PROBLEM TO SOLVE =>
For the data that follows, print the line with "Футзалки Indoor Copa, базовая", the line with "A bright and", and all lines between them, exactly as they stand. Omit pictures and add nothing.

LISTED RECORDS =>
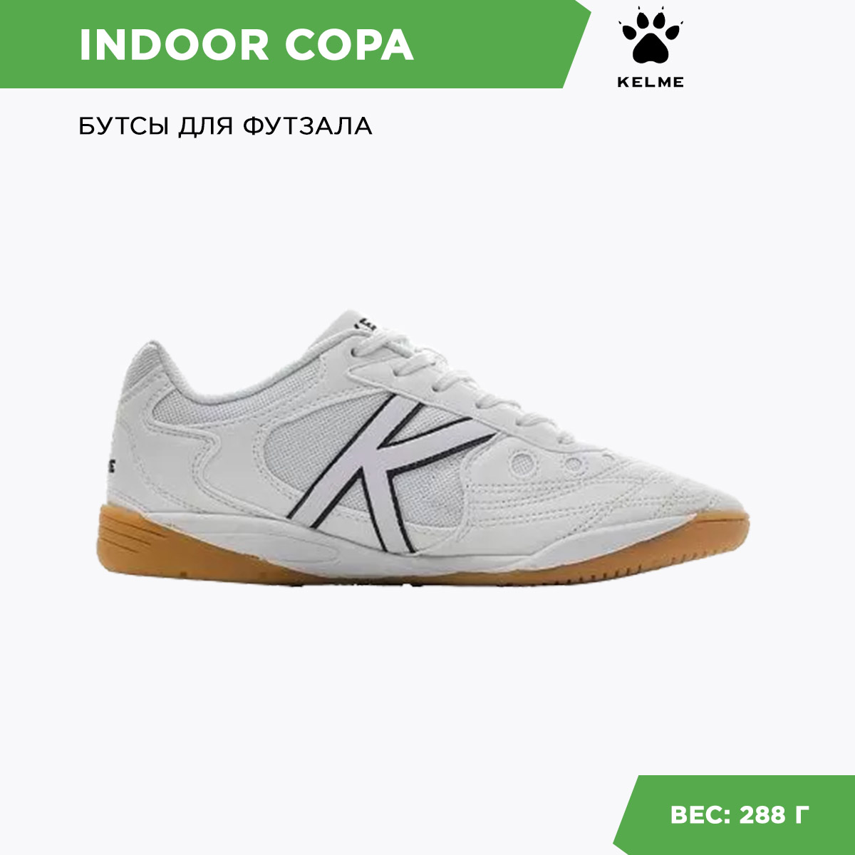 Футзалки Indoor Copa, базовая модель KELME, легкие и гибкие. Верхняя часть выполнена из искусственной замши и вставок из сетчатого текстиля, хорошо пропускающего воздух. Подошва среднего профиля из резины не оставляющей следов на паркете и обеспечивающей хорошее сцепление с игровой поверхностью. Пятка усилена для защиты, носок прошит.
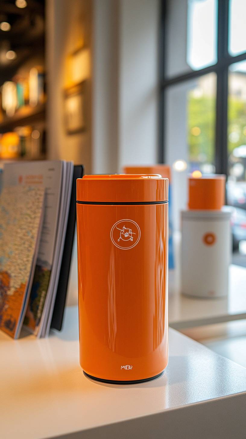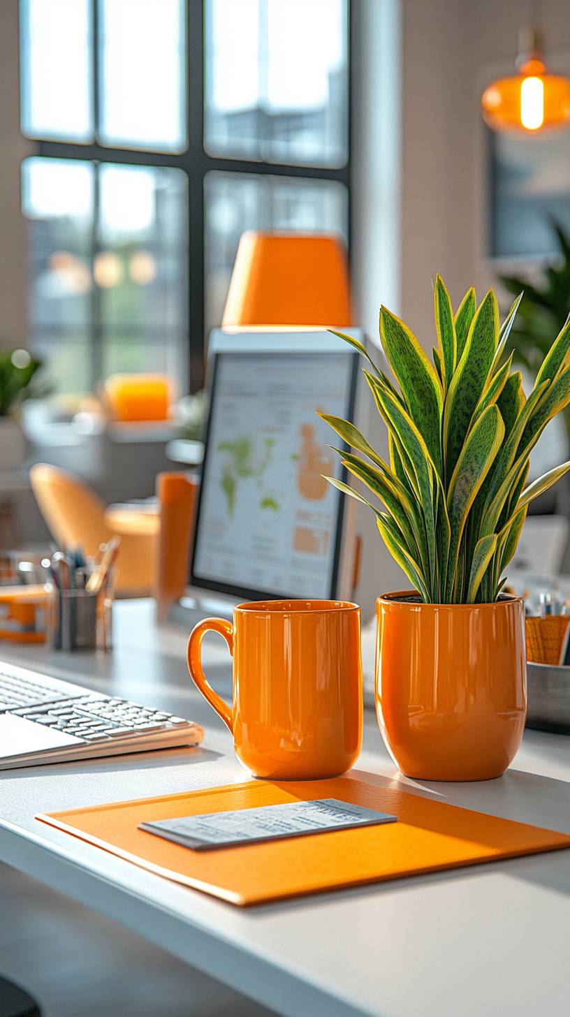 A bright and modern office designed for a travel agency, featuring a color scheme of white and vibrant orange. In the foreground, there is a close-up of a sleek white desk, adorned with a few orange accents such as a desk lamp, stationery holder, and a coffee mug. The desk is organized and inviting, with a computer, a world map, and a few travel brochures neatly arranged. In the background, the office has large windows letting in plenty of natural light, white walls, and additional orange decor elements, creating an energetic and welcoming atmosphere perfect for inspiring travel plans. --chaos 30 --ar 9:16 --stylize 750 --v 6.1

==

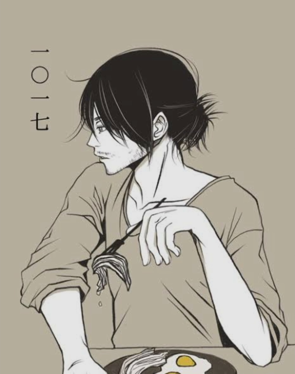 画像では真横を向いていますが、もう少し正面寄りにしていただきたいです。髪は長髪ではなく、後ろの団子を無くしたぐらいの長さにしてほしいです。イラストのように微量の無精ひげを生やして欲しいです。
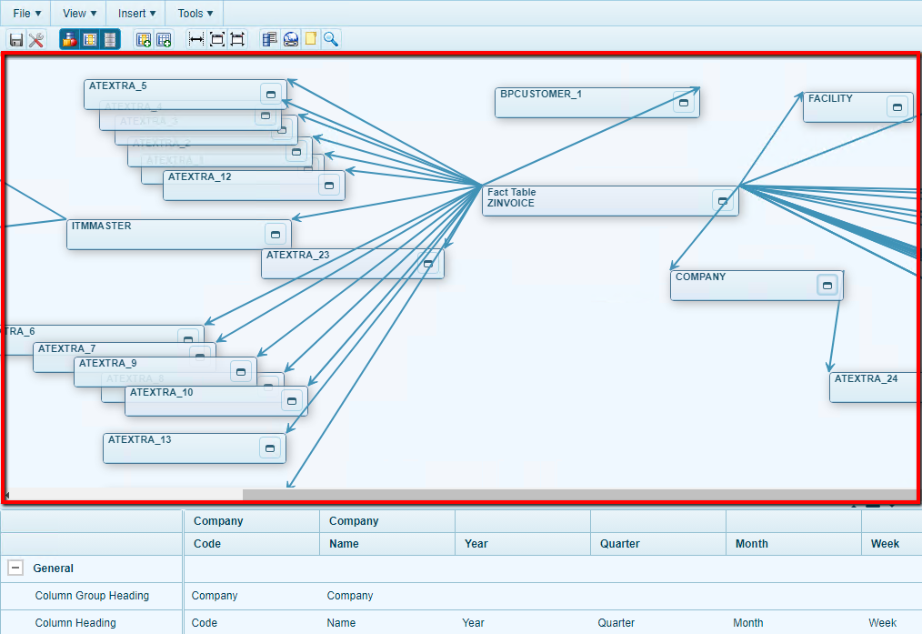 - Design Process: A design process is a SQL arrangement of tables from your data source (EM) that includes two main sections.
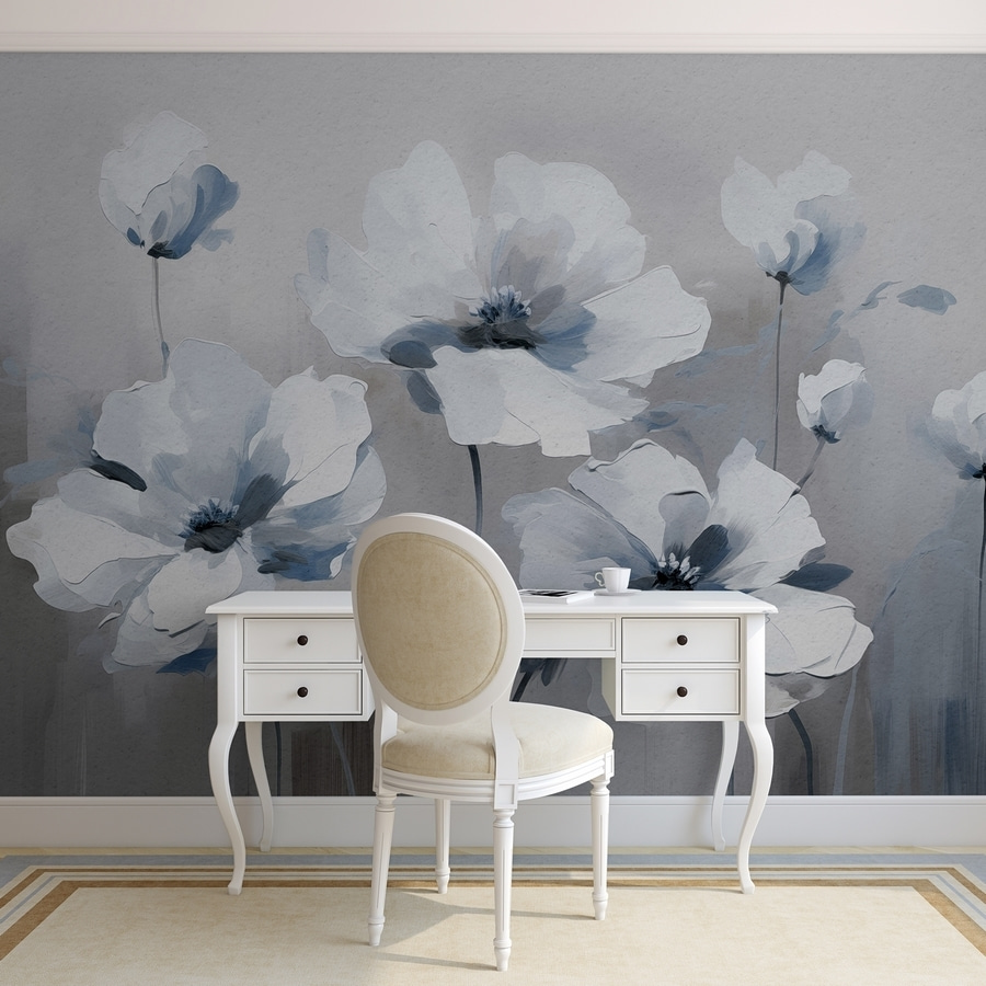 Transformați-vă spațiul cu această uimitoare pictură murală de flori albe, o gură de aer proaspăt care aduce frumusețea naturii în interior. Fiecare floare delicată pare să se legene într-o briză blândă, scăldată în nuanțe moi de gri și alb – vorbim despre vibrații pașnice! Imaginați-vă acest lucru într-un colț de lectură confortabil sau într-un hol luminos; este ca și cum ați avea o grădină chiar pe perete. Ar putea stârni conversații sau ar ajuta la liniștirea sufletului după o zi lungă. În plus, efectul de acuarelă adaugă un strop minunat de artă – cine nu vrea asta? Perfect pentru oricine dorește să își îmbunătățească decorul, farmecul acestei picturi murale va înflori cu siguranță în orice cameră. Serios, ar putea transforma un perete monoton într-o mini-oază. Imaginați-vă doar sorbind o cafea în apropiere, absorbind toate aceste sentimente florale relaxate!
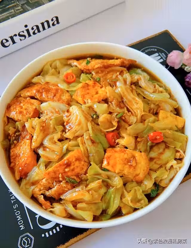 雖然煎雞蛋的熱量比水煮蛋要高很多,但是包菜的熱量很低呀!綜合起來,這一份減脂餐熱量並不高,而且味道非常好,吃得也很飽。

OUTPUT FOR THIS EXERCISE =>
 Футзалки Indoor Copa, базовая модель KELME, легкие и гибкие. Верхняя часть выполнена из искусственной замши и вставок из сетчатого текстиля, хорошо пропускающего воздух. Подошва среднего профиля из резины не оставляющей следов на паркете и обеспечивающей хорошее сцепление с игровой поверхностью. Пятка усилена для защиты, носок прошит.
 A bright and modern office designed for a travel agency, featuring a color scheme of white and vibrant orange. In the foreground, there is a close-up of a sleek white desk, adorned with a few orange accents such as a desk lamp, stationery holder, and a coffee mug. The desk is organized and inviting, with a computer, a world map, and a few travel brochures neatly arranged. In the background, the office has large windows letting in plenty of natural light, white walls, and additional orange decor elements, creating an energetic and welcoming atmosphere perfect for inspiring travel plans. --chaos 30 --ar 9:16 --stylize 750 --v 6.1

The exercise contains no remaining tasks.